American workers earning the least saw wage gains from 2013 to 2014. Those gains were largely in states where the minimum wage increased last year. The boost for low-wage workers was the silver lining in Elise Gould’s 2014 Continues a 35-Year Trend of Broad-Based Wage Stagnation. This report for the Economic Policy Institute found that most workers’ earnings remained flat or decreased in 2014, despite the economic recovery.

Gould takes a deep dive into federal wage data and discovered that wages moved in very different ways for different people. She compares 2014 wages to wages in 2007, the most recent year before the Great Recession. When wages are adjusted for inflation, only the highest earners are doing better compared to 2007. And only the lowest earners saw a decent-sized bump in wages from 2013 to 2014: the 10 percent of workers with the lowest wages saw a 1.3 percent increase.

Gould finds that low-wage earners’ gains are largely attributable to the 17 states (plus Washington, DC) that saw a minimum wage increase in 2014. Low-wage workers’ wages in these states increased by an average of 1.6 percent, compared to just 0.3 percent elsewhere.

Chart Hourly wages of all workers, by wage percentile, 2007-2014 (2014 dollars)
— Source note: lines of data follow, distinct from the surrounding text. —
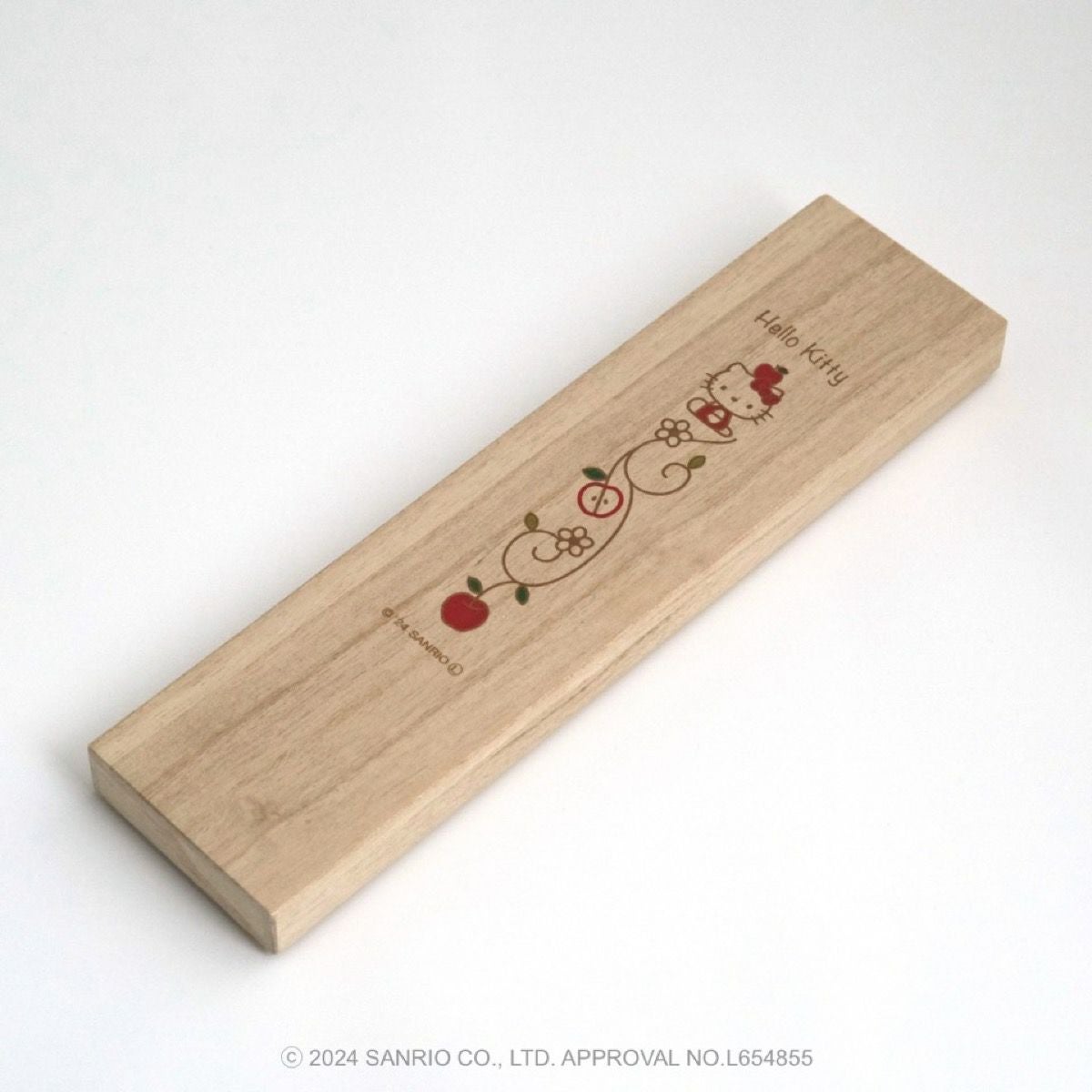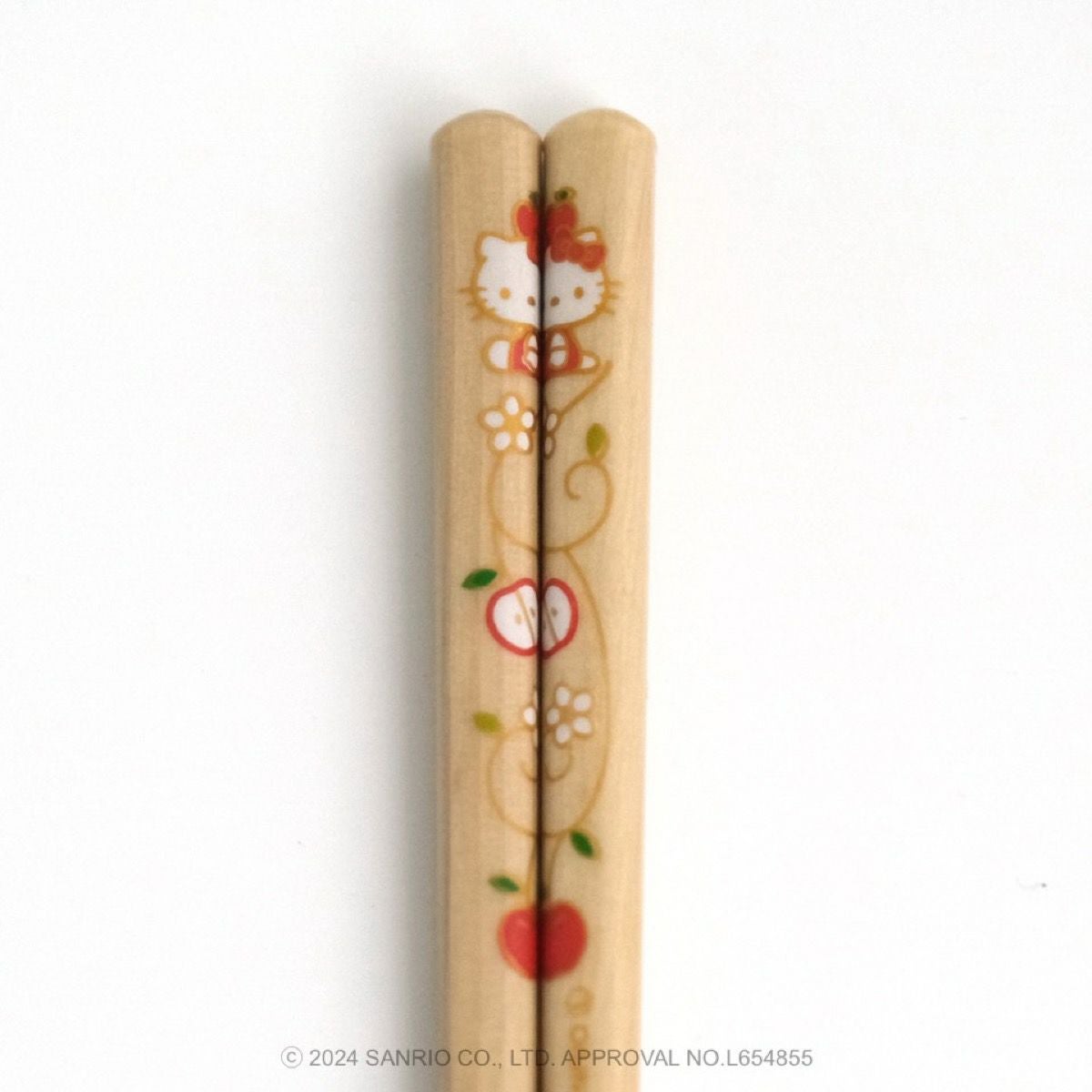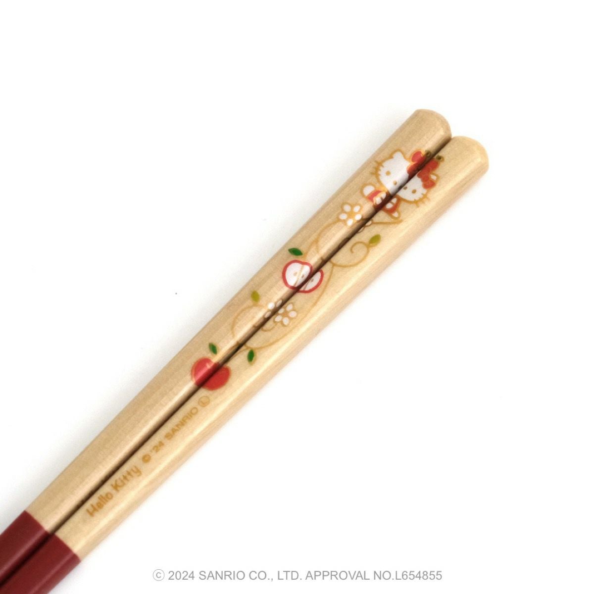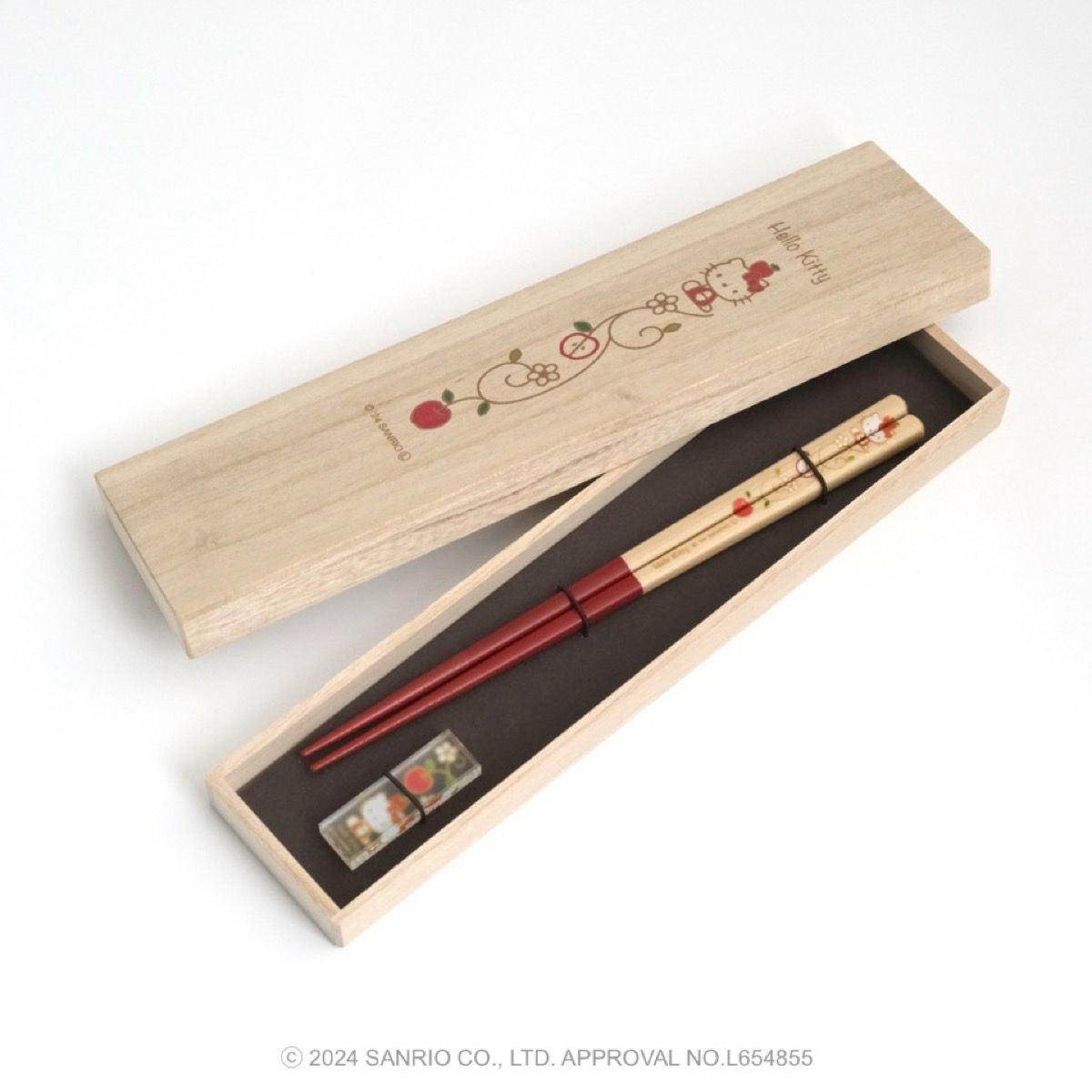 リンゴの唐草文様の中にハローキティがちょこんとお座りしているかわいいデザインです。ハローキティと吉祥文様の唐草に、おだやかで楽しい時間がずっと続きますようにとの願いをこめました。
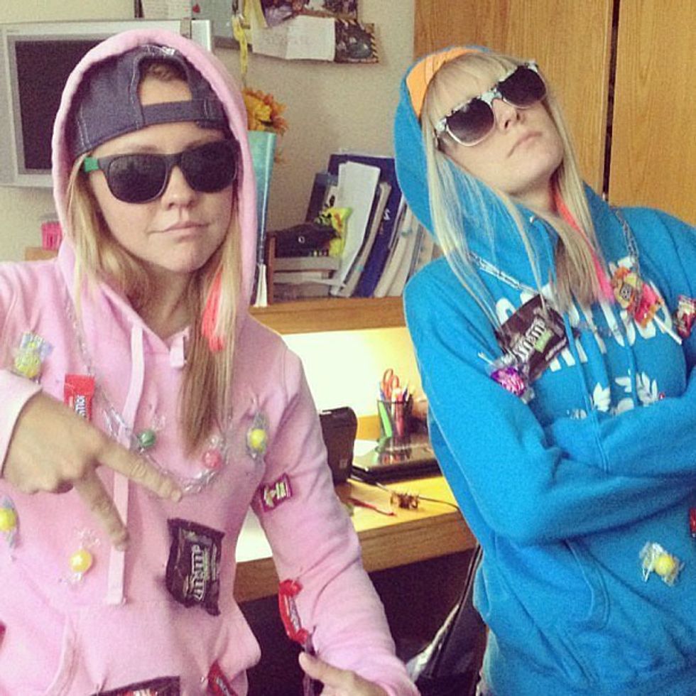 - Candy “Rapper”-- This punny costume involves taping candy on clothes and sunglasses that rappers might wear (sunglasses, loose pants, and white shirts).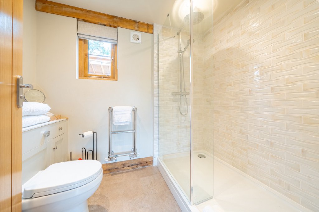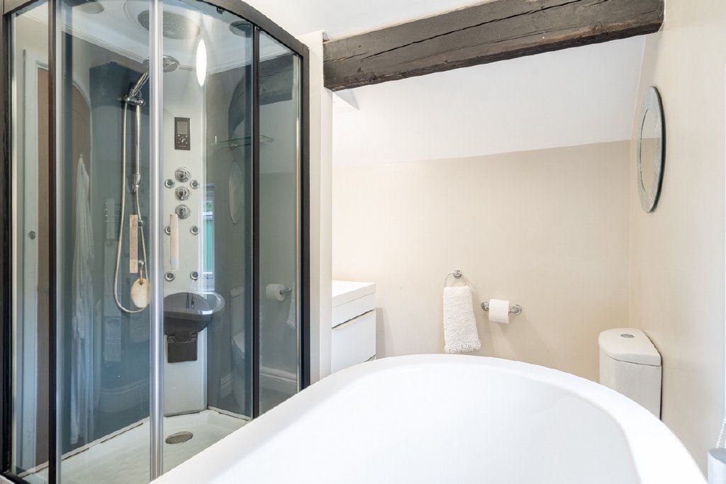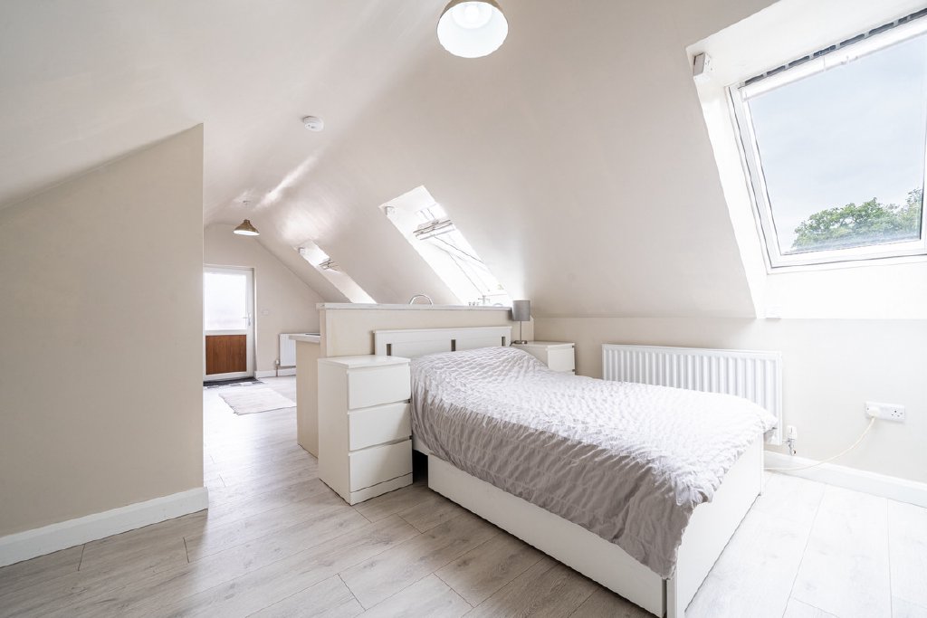 Flooded with natural light through Velux windows, this contemporary space offers laminated flooring, integrated appliances, a walk-in shower, sink, toilet, and generous storage.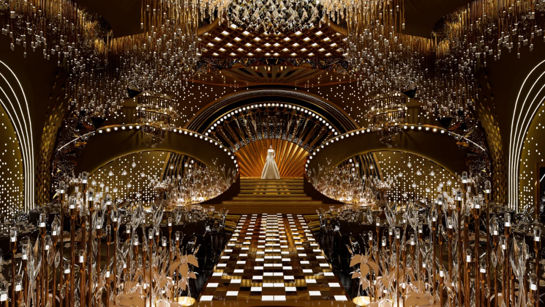 整体构思围绕着奢华辉煌与经典电影美学的交响,将好莱坞的璀璨星光与爱情故事的细腻情感巧妙融合,为新人们献上一场星光熠熠、具有尊贵气质的婚宴。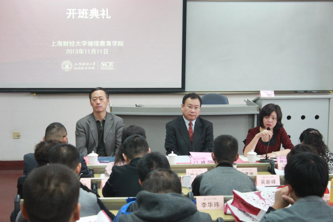 2013年11月11日上午,住房公积金资金管理培训班开班典礼在我校中山北一路校区第七教学楼402教室隆重举行。出席本次开学典礼的领导嘉宾有:新疆维吾尔自治区住房和城乡建设厅处长胡小清女士,新疆维吾尔自治区住房和城乡建设厅住房公积金监察室主任李建学先生,上海财经大学继续教育学院院长门峰教授。

Like the evidence of greater unemployment and underemployment for Minnesotans of color in our recent State of Working Minnesota report, Gould finds that Americans of color continue to earn much less than their peers, even as the economy recovers. Women also continue to earn less than men. This gender-based wage gap shrank a little at every wage level from 2007 to 2014, but increased slightly from 2013 to 2014 for the bottom 60 percent of workers.

As many Minnesota families still struggle to recover from the Great Recession, this study offers further proof that we cannot assume that economic growth will raise all boats. Gould’s work suggests that Minnesota’s recent legislation raising our minimum wage led to higher wages for low-income workers, just as decades of research on the minimum wage predicted.